Part of the book series: Handbook of Experimental Pharmacology ((HEP,volume 201))

Abstract

The nine multidrug resistance proteins (MRPs) represent the major part of the 12 members of the MRP/CFTR subfamily belonging to the 48 human ATP-binding cassette (ABC) transporters. Cloning, functional characterization, and cellular localization of most MRP subfamily members have identified them as ATP-dependent efflux pumps with a broad substrate specificity for the transport of endogenous and xenobiotic anionic substances localized in cellular plasma membranes. Prototypic substrates include glutathione conjugates such as leukotriene C4 for MRP1, MRP2, and MRP4, bilirubin glucuronosides for MRP2 and MRP3, and cyclic AMP and cyclic GMP for MRP4, MRP5, and MRP8. Reduced glutathione (GSH), present in living cells at millimolar concentrations, modifies the substrate specificities of several MRPs, as exemplified by the cotransport of vincristine with GSH by MRP1, or by the cotransport of GSH with bile acids or of GSH with leukotriene B4 by MRP4.
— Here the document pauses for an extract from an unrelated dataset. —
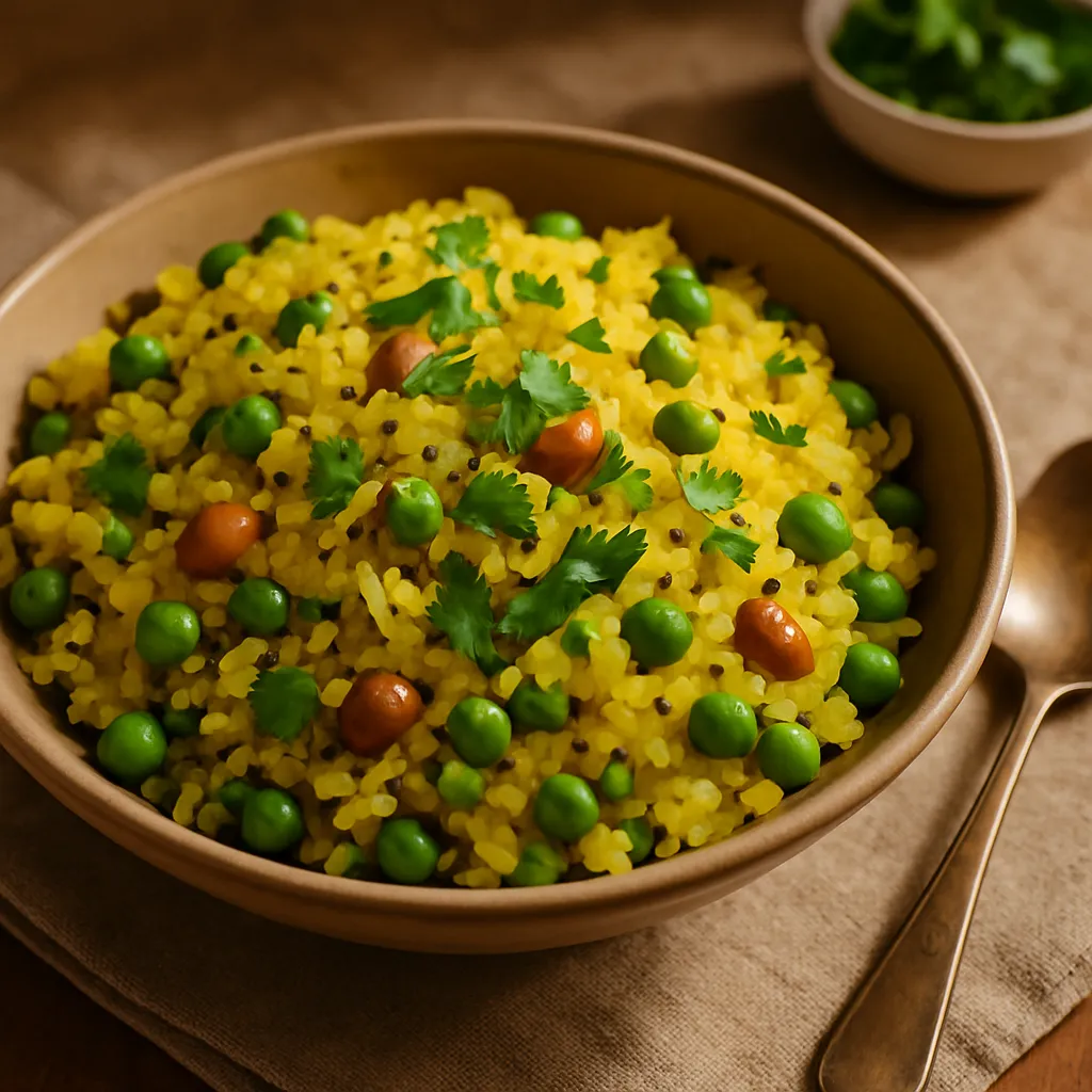 Light and fluffy flattened rice sautéed with peas, peanuts, and spices, garnished with fresh coriander.

The role of MRP subfamily members in pathophysiology may be illustrated by the MRP-mediated release of proinflammatory and immunomodulatory mediators such as leukotrienes and prostanoids. Pathophysiological consequences of many genetic variants leading to a lack of functional MRP protein in the plasma membrane are observed in the hereditary MRP2 deficiency associated with conjugated hyperbilirubinemia in Dubin-Johnson syndrome, in pseudoxanthoma elasticum due to mutations in the MRP6 (ABCC6) gene, or in the type of human earwax and osmidrosis determined by single nucleotide polymorphisms in the MRP8 (ABCC8) gene. The hepatobiliary and renal elimination of many drugs and their metabolites is mediated by MRP2 in the hepatocyte canalicular membrane and by MRP4 as well as MRP2 in the luminal membrane of kidney proximal tubules. Therefore, inhibition of these efflux pumps affects pharmacokinetics, unless compensated by other ATP-dependent efflux pumps with overlapping substrate specificities.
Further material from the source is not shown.